Kesimpulan Witantra adalah, "Pasti ada pihak yang sengaja menjerumuskan Akuwu ke dalam kesulitan. Tetapi, untuk mencarinya di perlukan waktu dan ketekunan. Jalur-jalur itu agaknya dikemudikan oleh seorang yang luar biasa".
Kesimpulan itu telah membuat Witantra menjadi semakin waspada. Seolah-olah ia tidak sampai hati melepaskan Akuwu seorang diri tanpa pengawasannya meskipun hanya sekejap. Namun, Witantra tentu tidak akan dapat berbuat sepanjang waktu. Suatu ketika ia harus pulang ke rumah, dan suatu ketika Akuwu berada di bilik Permaisurinya sehingga Akuwu itu pada saat-saat tertentu terlepas dari pengawasannya.
Tetapi, agaknya kesempatan bagi Witantra untuk mengawasi Akuwu itu pun menjadi semakin terbatas karena Akuwu sendiri agak menjauhkannya dari pergaulan istana. Bahkan kadang-kadang Akuwu itu dengan kasar berkata kepadanya, "Kau adalah pemimpin pasukan pengawal Witantra. Aku hanya memerlukan kau dalam keadaan yang berbahaya. Aku tidak perlu pengawalanmu selagi aku tidur, makan dan minum bersama para pemimpin Tumapel".
Witantra hanya dapat mengelus dadanya. Tetapi, ia tidak dapat berbuat apa-apa.
"Aku tidak mengerti guru" berkata Witantra kepada gurunya pada suatu ketika, "Tetapi, keadaan berkembang ke arah yang tidak seharusnya".
"Ya Witantra" sahut gurunya, "Aku juga melihat ketidakpuasan tersebar dimana-mana".
"Itulah yang membuat aku prihatin. Tetapi, Akuwu tidak memberi kesempatan kepadaku untuk mencari sumber dari malapetaka yang dengan perlahan-lahan menerkam Tumapel".
Gurunya mengangguk-anggukkan kepalanya. Agaknya ia masih ingin mengatakan sesuatu, tetapi kemudian bahkan ia menggeleng-gelengkan kepalanya. Witantra melihat sesuatu tersirat di wajah gurunya, tetapi ia tidak berani bertanya.
"Witantra" berkata gurunya, "Kau harus bersiap menghadapi setiap kemungkinan.
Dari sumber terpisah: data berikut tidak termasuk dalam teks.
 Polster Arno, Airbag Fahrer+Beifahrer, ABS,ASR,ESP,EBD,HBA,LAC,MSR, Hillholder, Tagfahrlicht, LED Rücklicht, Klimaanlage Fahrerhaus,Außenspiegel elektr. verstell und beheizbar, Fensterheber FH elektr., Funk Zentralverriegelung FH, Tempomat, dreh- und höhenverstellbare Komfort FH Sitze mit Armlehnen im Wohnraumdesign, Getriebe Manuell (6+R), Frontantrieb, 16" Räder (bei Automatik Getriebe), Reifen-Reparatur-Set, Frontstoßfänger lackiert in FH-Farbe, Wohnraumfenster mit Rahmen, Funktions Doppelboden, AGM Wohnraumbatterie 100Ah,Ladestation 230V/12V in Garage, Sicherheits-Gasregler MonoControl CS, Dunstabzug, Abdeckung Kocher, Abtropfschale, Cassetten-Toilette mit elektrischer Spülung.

Awan yang hitam memang sedang menyelubungi Tumapel".
"Apakah yang harus aku lakukan guru?"
"Sudah tentu, bahwa kau dapat mulai dengan dirimu sendiri. Sudah datang waktunya bagimu Witantra, bahwa kau harus menyempurnakan ilmumu. Selagi aku masih hidup dan masih cukup tenaga untuk membimbingmu".
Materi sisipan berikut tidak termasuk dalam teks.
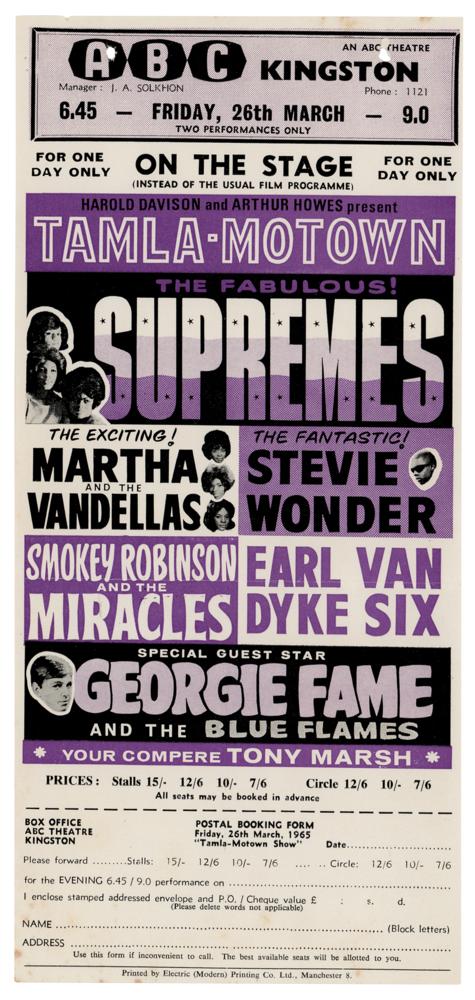 Vintage color 5.25 x 11.25 handbill for a “Tamla-Motown” concert showcase featuring The Supremes and Stevie Wonder at the ABC Theatre in Kingston, London, on March 26, 1965. Presented by Harold Davison and Arthur Howes, the show also featured Martha and the Vandellas, Smokey Robinson and the Miracles, the Earl Van Dyke Six, and Georgie Fame. The lower portion bears the postal booking form. In fine condition, with small holes to the top. Accompanied by a certificate of authenticity from Tracks.
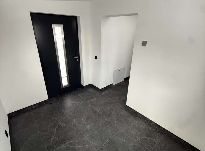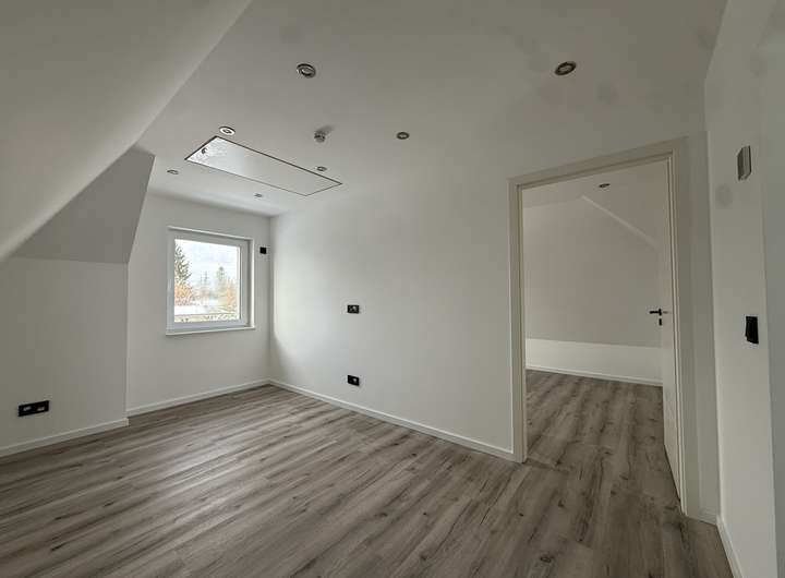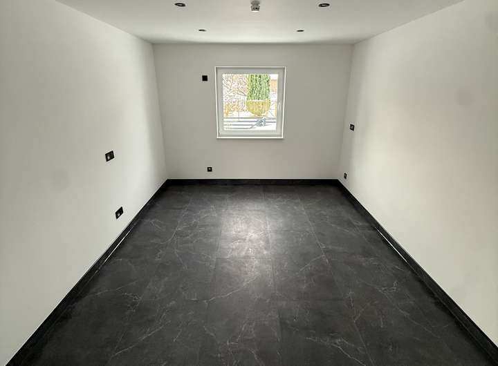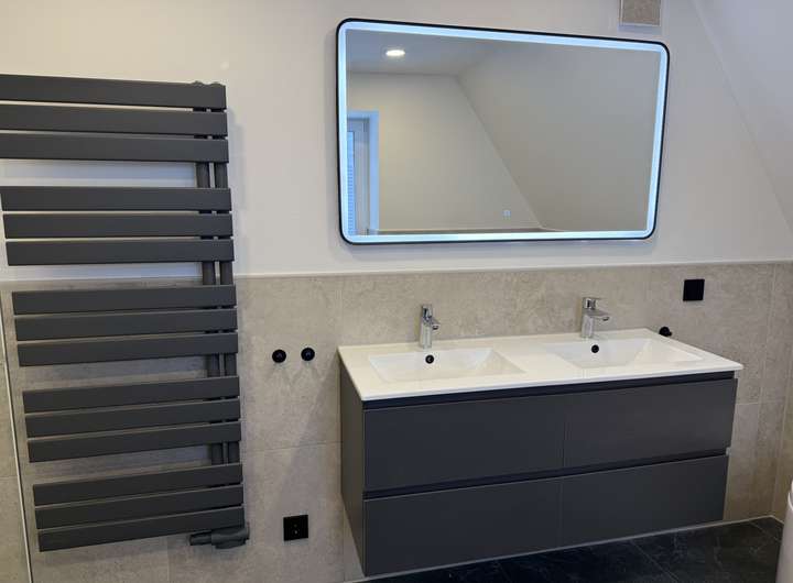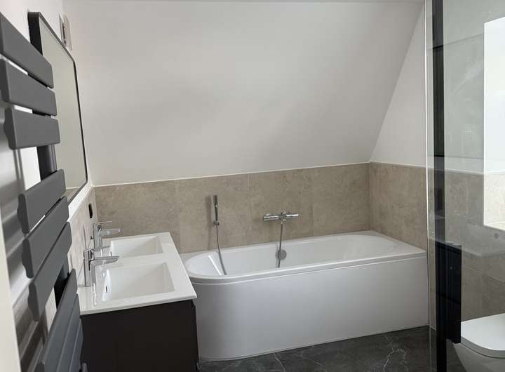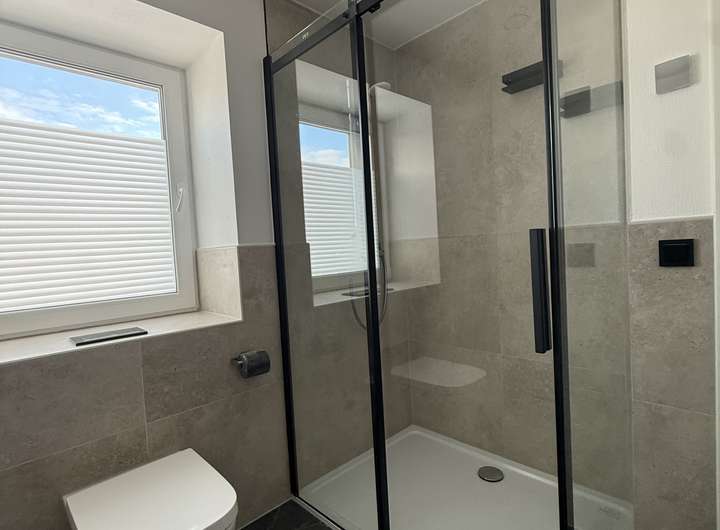 Im Erdgeschoss finden Sie ein praktisches Gäste-WC. Das Hauptbad beeindruckt mit flacher Duschwanne (120×90 cm), beheiztem Spiegel, spülrandlosem WC, XL-Badewanne (180×80 cm) und Doppelwaschtisch mit schwebendem Unterschrank – alles auf hochwertigen XXL-Fliesen (120×60 cm).

"Tetapi guru, aku tidak dapat meninggalkan istana untuk waktu yang lama pada saat ini".
"Kau tidak perlu meninggalkan tugasmu. Aku memerlukan kau di setiap malam untuk beberapa hari saja. Di siang hari kau tetap dalam tugasmu" gurunya berhenti sejenak, "Sudah tentu bahwa kau tidak akan segera menjadi sempurna dengan cara itu. Tetapi, setidak-tidaknya kau memiliki beberapa bekal yang lebih banyak dari bekalmu sekarang. Apabila kau mempunyai waktu kelak, kau harus mengurung dirimu untuk waktu yang agak lama".
Witantra mengangguk-anggukkan kepalanya. Inilah yang dapat dilakukan untuk sementara. Selagi asap yang hitam kemelut di atas Tumapel, pemimpin pasukan pengawal itu telah menempa dirinya sendiri.
Namun dengan demikian, jarak antara Akuwu Tunggul Ametung dengan Witantra pun menjadi semakin jauh. Witantra memerlukan waktu untuk kepentingannya sendiri, sehingga apabila tidak diperlukan oleh Akuwu ia tidak membuang waktunya hadir dalam pertemuan-pertemuan yang diadakan di istana.
Witantra lebih senang pergi ke padang agak jauh di luar kota Tumapel bersama gurunya, mesu diri untuk mendapatkan kelengkapan yang lebih banyak lagi dari ilmunya.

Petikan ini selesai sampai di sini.